Yifan Hong

Universal law of generalization (1)

2024-04-02T00:00:00-07:00

@YifanHong 20230524

Roger N. Shepard ,Toward a Universal Law of Generalization for Psychological Science.Science237,1317-1323(1987).DOI:10.1126/science.3629243

Starting from the seminal paper of Shepard (1987), I took a first glimpse of psychology as a quantitative science (like physics, which i love so much). The universality in the seemingly unpredictable, noisy behaviors is amazing.

Primacy of Generalization

Anything experienced by an individual is unlikely to recur in exactly the same form and context

To make learning useful, one has to generalize.
Each individual has an internal metric of similarity (exists at birth)

Generalization vs. failure of discrimination

Encountering an unfamiliar object requires the individual to infer the consequence

Generalization is a cognitive act
psychological vs. psychophysical

Early work

when Pavlov found that dogs would salivate not only at the sound of a bell or whistle that had preceded feeding but also at other sounds-and more so as they were chosen to be more similar to the original sound, for example, in pitch.
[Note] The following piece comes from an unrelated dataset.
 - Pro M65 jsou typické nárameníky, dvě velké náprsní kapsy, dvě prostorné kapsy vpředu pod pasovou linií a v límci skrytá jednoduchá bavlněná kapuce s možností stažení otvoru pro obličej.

Empirical gradient of generalization: relate feature of response to some measure of difference

strength, probability, speed etc.

Example. identification learning (Shepard, 1980)
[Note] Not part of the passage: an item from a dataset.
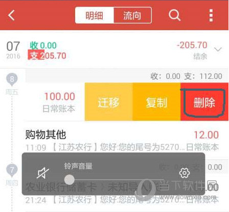 2.我们可以查看所有的消费记录,找出错误的账单。按住3 秒钟。将出现“迁移”、“复制”和“删除”。点击删除,如下图所示。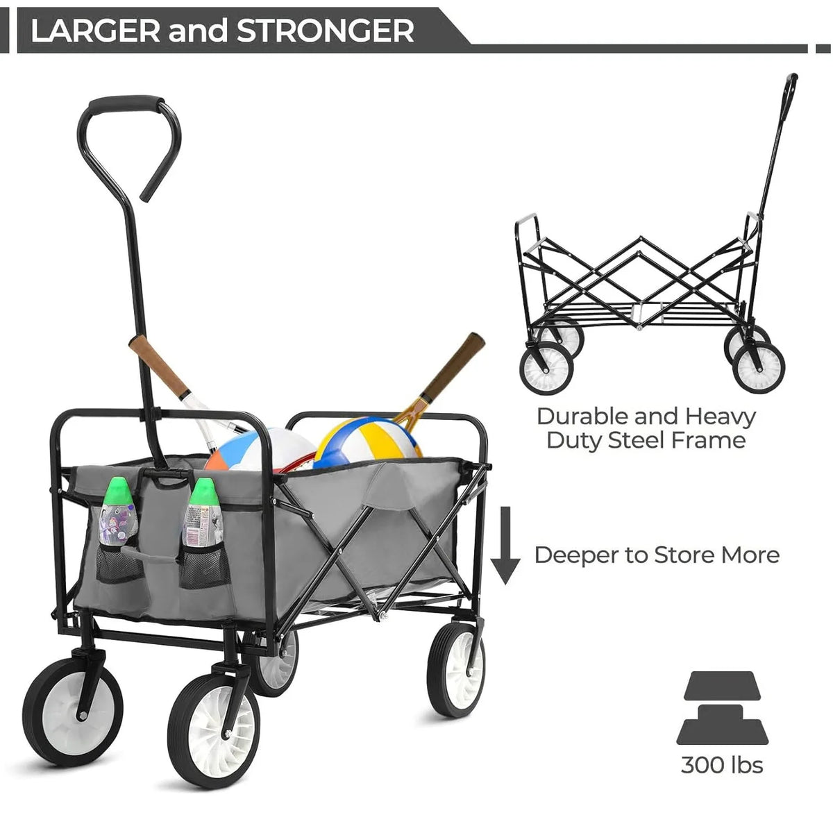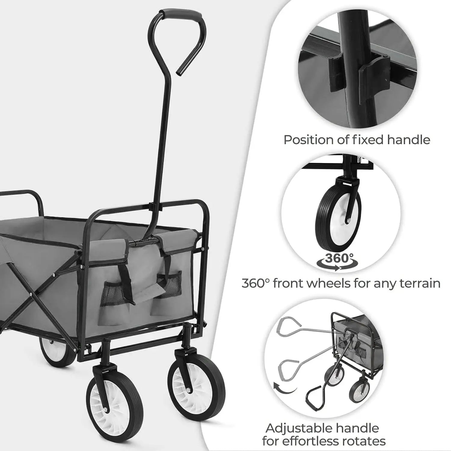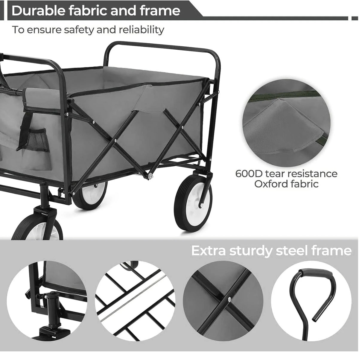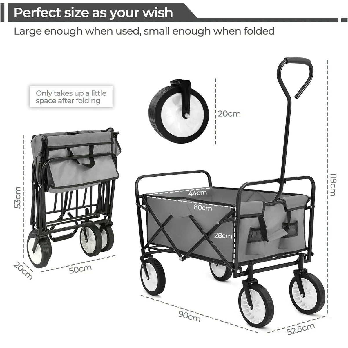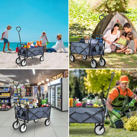 Möt Heavy Duty Foldable Wagon Cart Garden Utility Handcart — en robust, portabel transportlösning byggd för familjeutflykter, trädgårdsarbete, shoppingturer, stranddagar och camping. Med en stark järnram och ett vattentätt 600D-tygsliner klarar den upp till 80 kg och erbjuder en generös kapacitet på 110L. Ingen installation krävs; fäll bara ut för användning och fäll ihop för att spara plats. Hopfälld storlek är 30 x 20 x 8 tum, vilket gör förvaring i garage eller bilens bagageutrymme enkel. Denna vagn är en pålitlig partner för vardagliga ärenden och utomhusäventyr.

subjects learn a one-to-one association between $n$ stimuli and $n$ arbitrary verbal responses
measure of generalization $g_{ij}$: the frequency with which any stimulus lead to response assigned to any other

Apparent noninvariance

To establish quantitative results, we have to choose a independent variable

choosing physical measures of difference does not guarantee invariance
the decrease in response has different patterns with various stimuli, sesory continuum, or species
even exhibit nonmonotone increase: tones separated by an octave, hues at the opposite ends of the visible spectrum

Newton’s_color_circle (Newton, 1704).

Establishing invariance in the psychological space

What is sometimes required is not more data or more refined data but a different conception of the problem.
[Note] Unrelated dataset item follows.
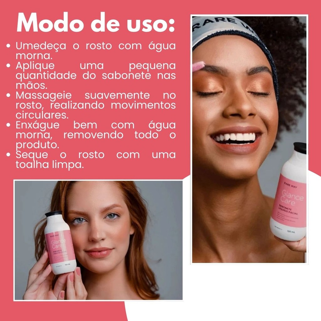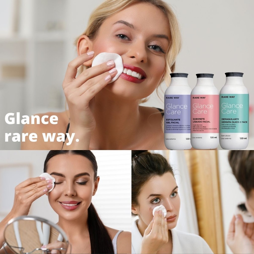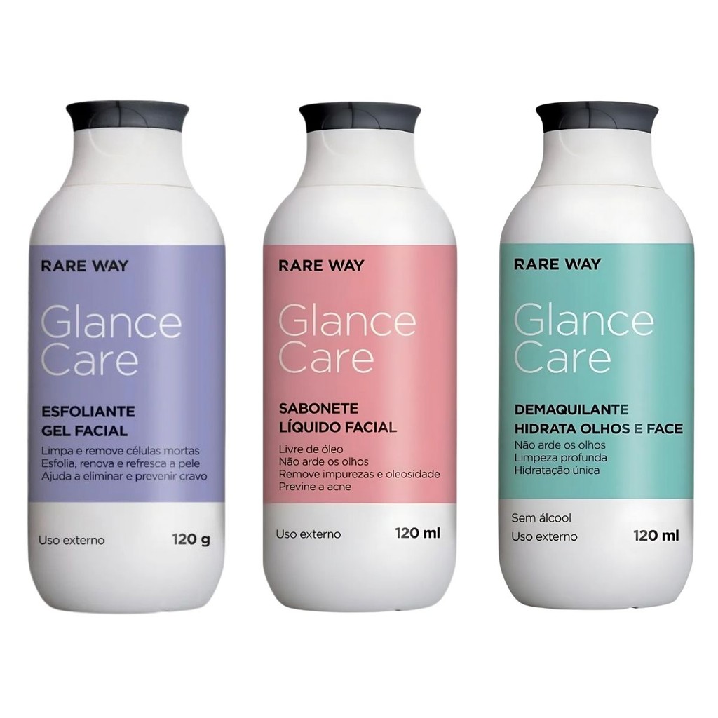 Kit Sabonete Facial + Esfoliante + Demaquilante Glance Rare Way - Kit SkinCare, Cuidado Facial, kit skincare presente

Assume the invariant law of generalization is based on an appropriate psychological space Attribute the troublesome variations in the generalization gradients to variations in a psychophysical function (physical space $\rightarrow$ psychological space) A purely psychological function relates generalization to distance in the psychological space.

Is there an invariant monotonic function whose inverse will uniquely transform those data into numbers interpretable as distances in some appropriate metric space?

Goal: find a metric space (or, the inverse function) that explains the observed generalization data(Satisfying certain conditions like certain Cayley-Menger determinants https://en.wikipedia.org/wiki/Cayley%E2%80%93Menger_determinant)

Uniqueness implied by geometric fact: rank order of distance can be a good approximation to the distances, when the number of points is not too small (relative to dimensionality)
The function can be determined through nonmetric multidimensional scaling
- move $n$ points in a specified space, until the configuration minimizes some measure of departure (“stress”) from a monotonic relation between $g_{ij}$ and $d_{ij}$. $g_{ij}=\bigg(\frac{p_{ij}\cdot p_{ji}}{p_{ii}\cdot p_{jj}}\bigg)^{1/2}$

Empirical regularities

Invariance and (approximate) exponential decay

Invariance: in every case, the decrease of generalization with psychological distance is

monotonic,

generally concave upward, and

more or less approximates a simple exponential decay function

MDS does not impose the form of function except for monotonicity.

Gradients of generalization (Shepard, 1987).

Two distance metrics

When the psychological space has more than 1 dimension, data also provide evidence about the metric for unitary and analyzable stimuli

integral attributes (lightness and saturation) : Euclidean metric
separable attributes (size and orientation): ‘city-block’ metric They can be expressed as a Minkowski power metric $d_{ij}=\bigg(\sum_{k=1}^K|x_{ik}-x_{jk}|^r\bigg)^{1/r}$

A theory of generalization

Generalization is thus a cognitive act, not merely a failure of sensory discrimination.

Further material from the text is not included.